Galactic magnetic fields II. Applying the model to nearby galaxies

TL;DR

This paper applies a simple galactic dynamo model to nearby galaxies, comparing theoretical predictions with observations, and finds that additional effects like spiral arms are needed to fully explain magnetic field pitch angles.

Contribution

It extends a previous simple dynamo model to multiple galaxies and compares its predictions with observed magnetic field properties, highlighting the need for additional physical effects.

Findings

Model outputs agree fairly well with observed galaxy properties.

Most parameter values are similar across different galaxies.

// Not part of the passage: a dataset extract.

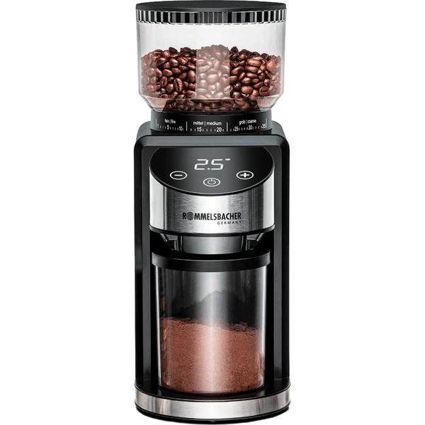 Die Rommelsbacher Kaffeemühle EKM 400 eignet sich für höchste Ansprüche und überzeugt durch konstant perfekte Mahlergebnisse. Das hochwertige Kegelmahlwerk aus Edelstahl bietet die aromaschonendste Art, um Kaffee- und Espressobohnen ganz nach Bedarf zu mahlen. Der Mahlgrad kann ganz nach Bedarf in 35 Stufen von extra fein für Espresso, mittelfein für Kaffeepulver bis hin zu grobem Pulver für French Press vorgewählt werden. Bei der Dosierung sind bis zu 12 Portionen in einem Durchgang möglich. Dabei ist die Portionsgröße in 10 Stufen exakt nach persönlichem Geschmack einstellbar. Bohnenbehälter und Auffangbehälter bieten guten Einblick und Aromaschutz. Das Gerät überzeugt darüber hinaus durch die integrierte Antistatik-Funktion, welche die statische Aufladung des gemahlenen Pulvers vollkommen neutralisiert. Zusätzlich gibt es die Option, das Kaffeepulver direkt in einen Siebträger zu mahlen. Durch den abnehmbaren Siebträgerhalter wird diese Kaffeemühle zur perfekten Ergänzung für Siebträgermaschinen. Die EKM 400 ist eine Kaffeemühle, die viel Professionalität für anspruchsvolle Kaffee- und Espresso-Liebhaber bietet.Art.-Nr.: 1902650

Predicted magnetic pitch angles are smaller than observed, indicating missing effects.

Abstract

Many spiral galaxies host magnetic fields with energy densities comparable to those of the turbulent and thermal motions of their interstellar gas. However, quantitative comparison between magnetic field properties inferred from observation and those obtained from theoretical modeling has been lacking. In Paper I we developed a simple, axisymmetric galactic dynamo model that uses various observational data as input. Here we apply our model to calculate radial profiles of azimuthally and vertically averaged magnetic field strength and pitch angle, gas velocity dispersion and scale height, turbulent correlation time and length, and the sizes of supernova remnants for the galaxies M31, M33, M51, and NGC 6946, using input data collected from the literature. Scaling factors are introduced to account for a lack of precision in both theory and observation. Despite the simplicity of our model, its outputs agree fairly well with galaxy properties inferred from observation. Additionally, we find that most of the parameter values are similar between galaxies. We extend the model to predict the magnetic field pitch angles arising from a combination of mean-field dynamo action and the winding up of the random small-scale field owing to the large-scale radial shear. We find their magnitudes to be much smaller than those of the pitch angles measured in polarized radio and far infrared emission. This suggests that effects not included in our model, such as effects associated with spiral arms, are needed to explain the pitch angle values.